I'm glad you dedicated a specific thread to this topic, because I really think theses changes are very important. Hope it doesn't get drowned/mixedup with the general regular whining on every month's SERP changes.
A friend of mine remembered me that dmoz had been completely down for some time due to technical reasons, and he said some data got completely lost. Is this true?
as I said in [webmasterworld.com...]
due to some restructuring of some dmoz-categories my backlink from there has gone from PR5 to PR1. According to the normal n-1 PR-inheritance-thumb-rule (which really worked perfect for ALL dmoz-categories I ever checked) I expect this value to recover after the next update, but you never know.
...dmoz had a PR of 8 or 9 all the time, didn't it? If this PR-value isn't derived from backlinks...

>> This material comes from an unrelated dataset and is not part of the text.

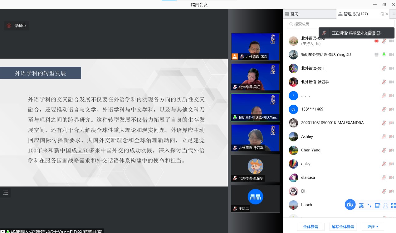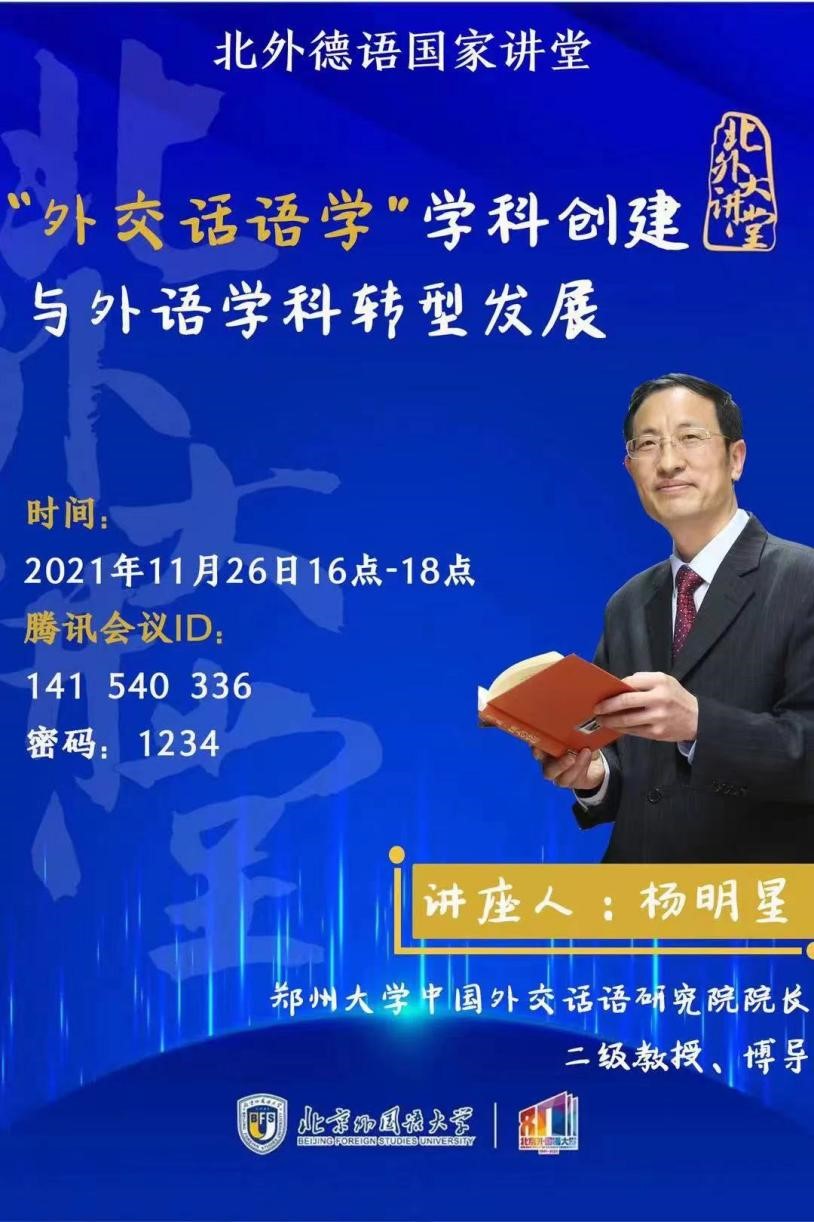 2021年11月26日下午,北外德语国家讲堂以线上方式举行。郑州大学中国外交话语研究院院长杨明星教授应邀作了题为“‘外交话语学’学科创建与外语学科转型发展”的讲座。讲座由欧美性爱

In Yahoo SiteExplorer I see nearly 4 million backlinks for dmoz.org, with 2.3 to the homepage. That's sounds like enough to me. There was even a period of time where linking to your category page in dmoz was a very helpful action in some situations, especially if you "were" the category.
I agree that DMOZ was/is used as a kind of seed for certain functions. These changes will be worth keeping an eye on - thanks g1smd.
So, you haven't just got your category structure reorganisation to consider, but also a shift to www for those categories. Add in the data for the ongoing Google Directory Update and there are many effects that could happen.
>> dmoz had been completely down for some time due to technical reasons <<
The editor side was completely down for several months at the end of 2006. The public site was still accessible and didn't go down for more than a few hours on a couple of occasions. Google carried on spidering and indexing that every day.
When the editor side came back up, one priority was to clear listings that had gone dead in the intervening months. The other was to get on and add more sites. Only then was the RDF generation process restarted to build the regular data dump files for downstream users (such as Google) to pick up and use.
It is likely that there will be little to no effect from this
Perhaps "little to no long term effect" would be better, but he even had that covered:
it will likely take Google a few months to factor everything in
Meanwhile, some of us are having a thrilling ride on the roller-coaster.
I think that it will take quite a while for their system to notice that the non-www version now issues a 301 redirect instead of serving content, and make the appropriate adjustments to the list of pages that they show in the SERPs. I suspect that it could take at least several months for things to be worked out.
Most obviously, the dmoz index page doesn't rank for a [dmoz] search because it is not indexed in any form.
While sites in dmoz should expect a longterm benefit from canonicalization, the deindexing of dmoz pages now certainly is hurting them now.
You think the favt that the index page isn't #1, or anywhere, for a search for [dmoz] is normal?
Obviously it is neither a simple canonicalisation or duplicate content issue.
There is hysterical gloating on another forum about it, but more important is the, at least short term, major repercusions of thousands of domains losing their best link.
However sites can also be moved from one category to another. If there is a delay in re-listing in the second category, a site could be unlisted for a while.
I'll also guess that it won't take Google's indexing system much more than a month to realise what is going on and fix the problem.
The counts for www.dmoz.org have increased by several hundred thousand in the last few weeks in most blocks. There are still some very large differences in the counts, depending on where you look.